Please find the line that holds "1918 Képeslap Konstantinápolyból" below and reproduce it, along with every line after it through the end, exactly and without pictures.

Exercise materials START

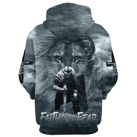 Faith Over Fear Hoodie Lion And Warriors Hoodies Men & Women, God 3D Printed Hoodie, Christian Apparel Hoodies
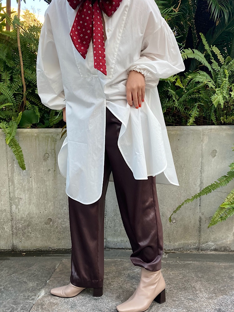 綿素材の爽やかなチュニックシャツをサテンパンツで上品にアップデート。
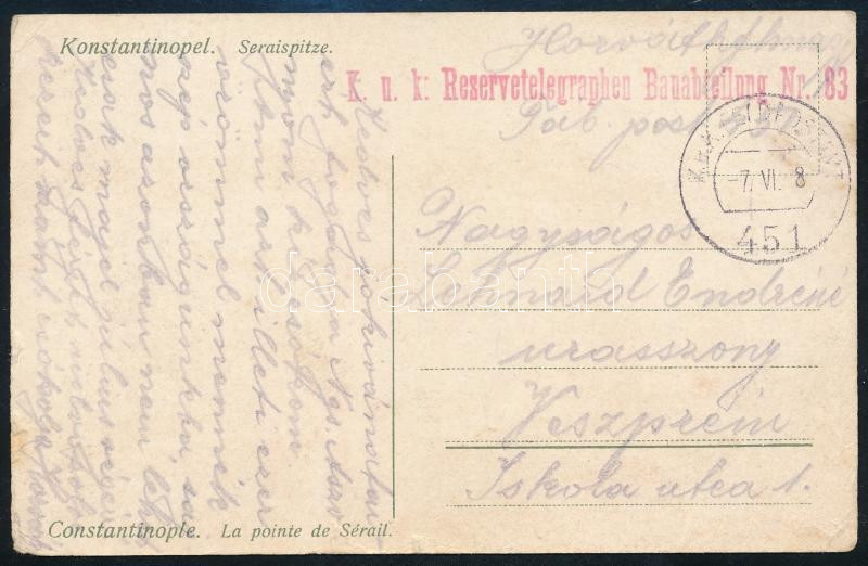 1918 Képeslap Konstantinápolyból "K.u.k. Reservetelegraphen Bauabteilung Nr. 83" + "FP 451"
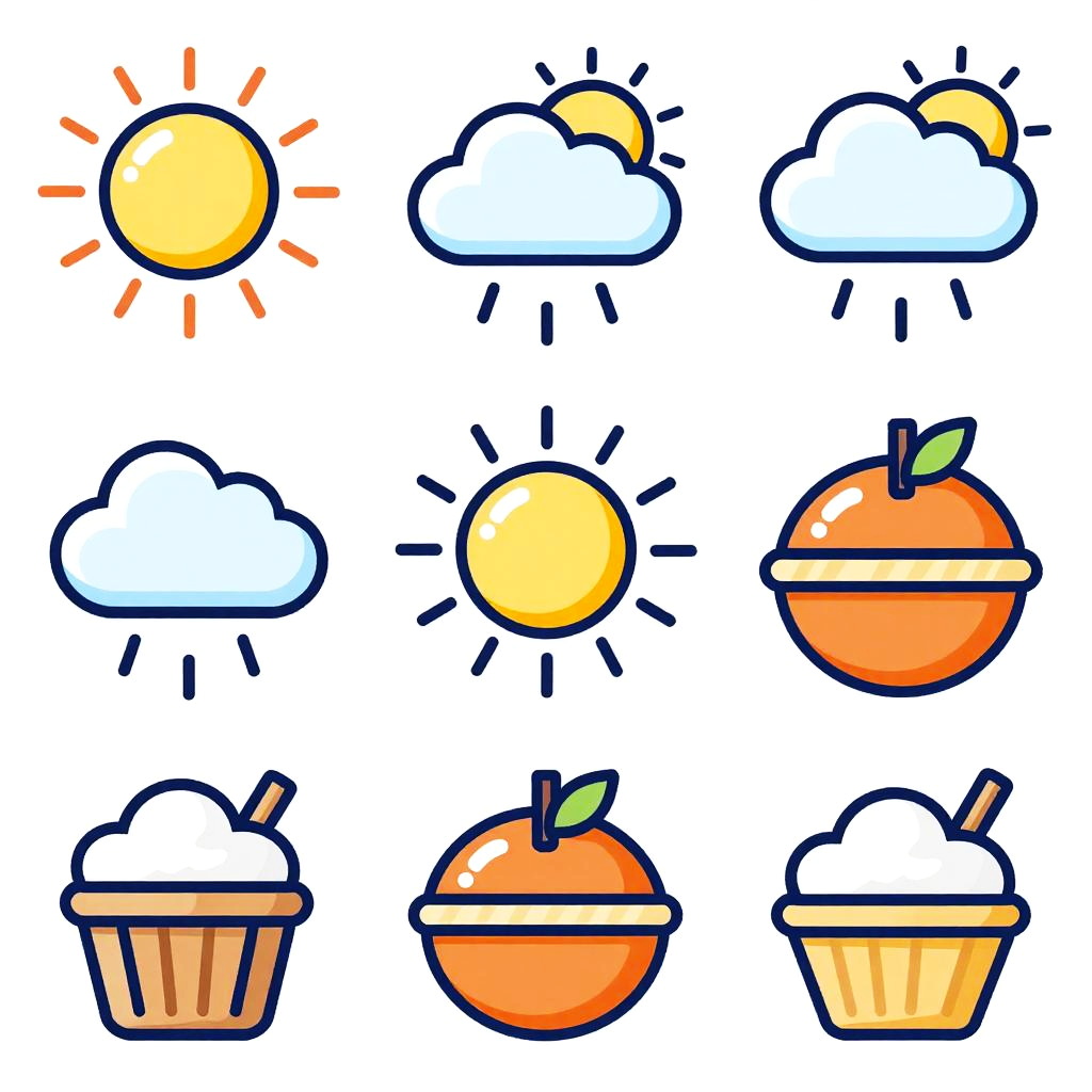 Clip art AI generator showcasing an array of thematic clip art sets, including holidays, weather, and food icons, rendered with clean, bold outlines and lively colors against transparent backgrounds, ideal for quick customization and use.
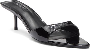 A dainty heel adds just-right height to a glossy patent-leather sandal featuring an elegantly curved strap.
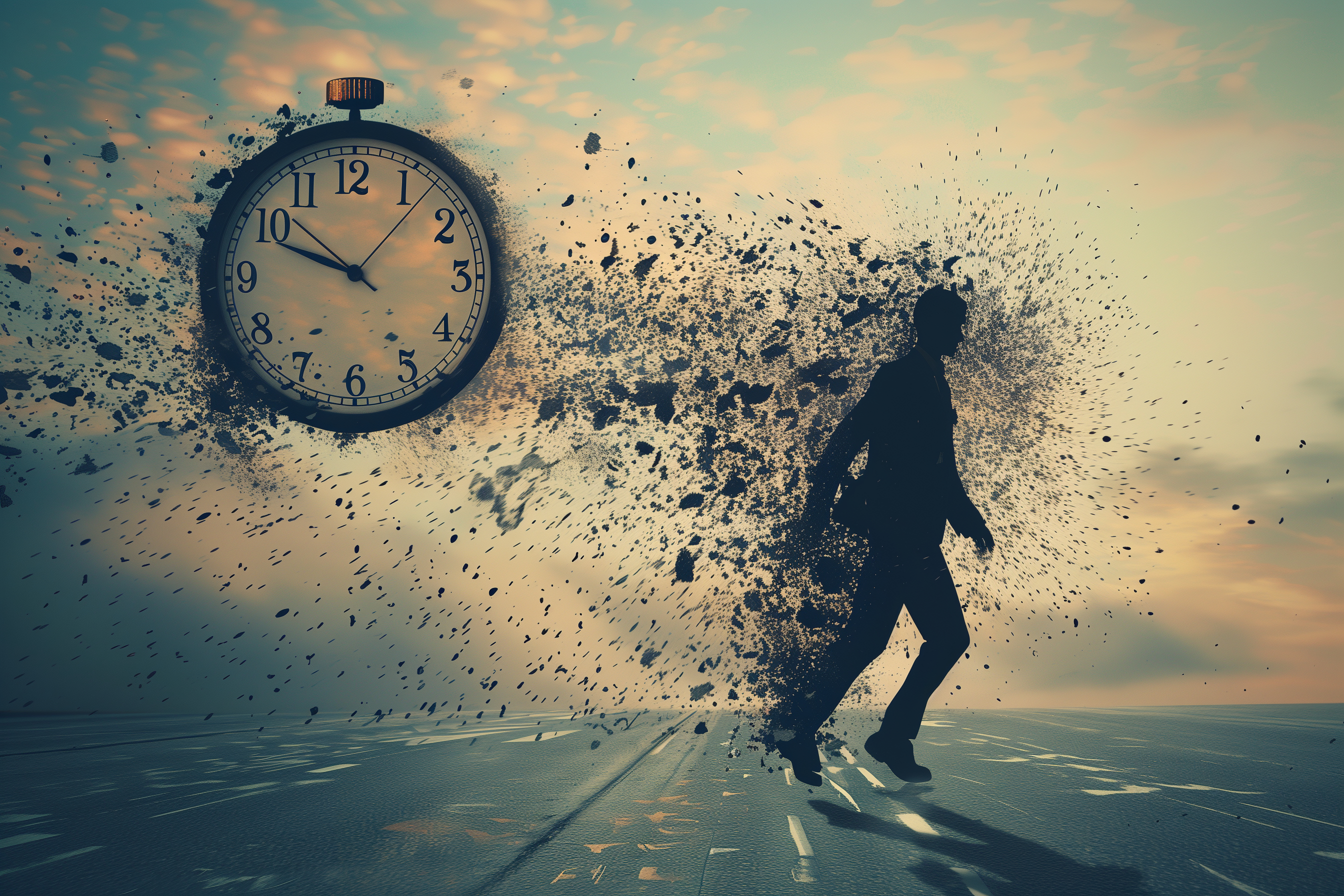 Das Bild zeigt eine surreale Szene, in der die Silhouette einer Person durch Zerfallseffekte läuft, während eine große Uhr im Hintergrund zu sehen ist. Die Komposition ist klar und fokussiert, mit einer Mischung aus Blau- und Orangetönen, die eine mystische Stimmung erzeugen.
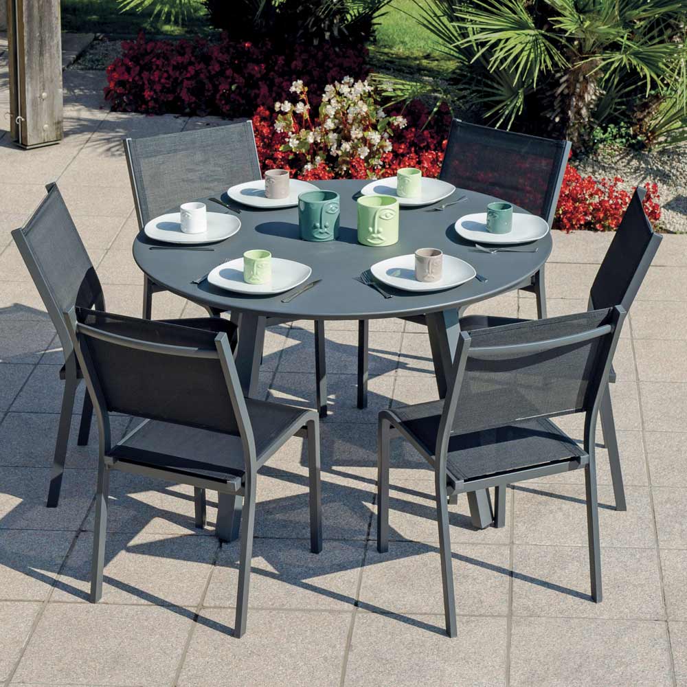 Esta mesa redonda combina a la perfección diseño moderno y funcionalidad , ideal para amueblar con elegancia cualquier espacio exterior. Con un diámetro de 120 cm , ofrece una superficie espaciosa y acogedora, perfecta para almuerzos, aperitivos o momentos de relax al aire libre.
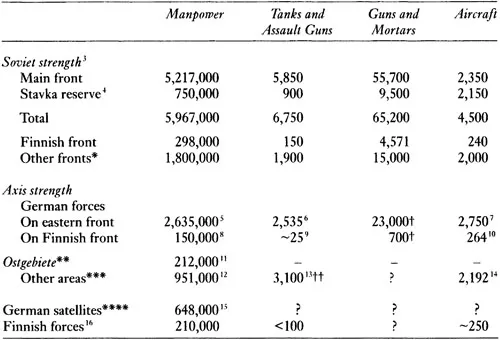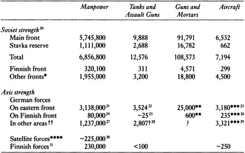 | **** | Includes Hungarian, Italian, Rumanian and Slovakian troops on the eastern front. Figures apply to 10 September 1942, additional satellite units had arrived since 1 July. The strength on that date must consequently have been lower, |

Exercise materials END

- Output for this exercise -
 1918 Képeslap Konstantinápolyból "K.u.k. Reservetelegraphen Bauabteilung Nr. 83" + "FP 451"
 Clip art AI generator showcasing an array of thematic clip art sets, including holidays, weather, and food icons, rendered with clean, bold outlines and lively colors against transparent backgrounds, ideal for quick customization and use.
 A dainty heel adds just-right height to a glossy patent-leather sandal featuring an elegantly curved strap.
 Das Bild zeigt eine surreale Szene, in der die Silhouette einer Person durch Zerfallseffekte läuft, während eine große Uhr im Hintergrund zu sehen ist. Die Komposition ist klar und fokussiert, mit einer Mischung aus Blau- und Orangetönen, die eine mystische Stimmung erzeugen.
 Esta mesa redonda combina a la perfección diseño moderno y funcionalidad , ideal para amueblar con elegancia cualquier espacio exterior. Con un diámetro de 120 cm , ofrece una superficie espaciosa y acogedora, perfecta para almuerzos, aperitivos o momentos de relax al aire libre.
 | **** | Includes Hungarian, Italian, Rumanian and Slovakian troops on the eastern front. Figures apply to 10 September 1942, additional satellite units had arrived since 1 July. The strength on that date must consequently have been lower, |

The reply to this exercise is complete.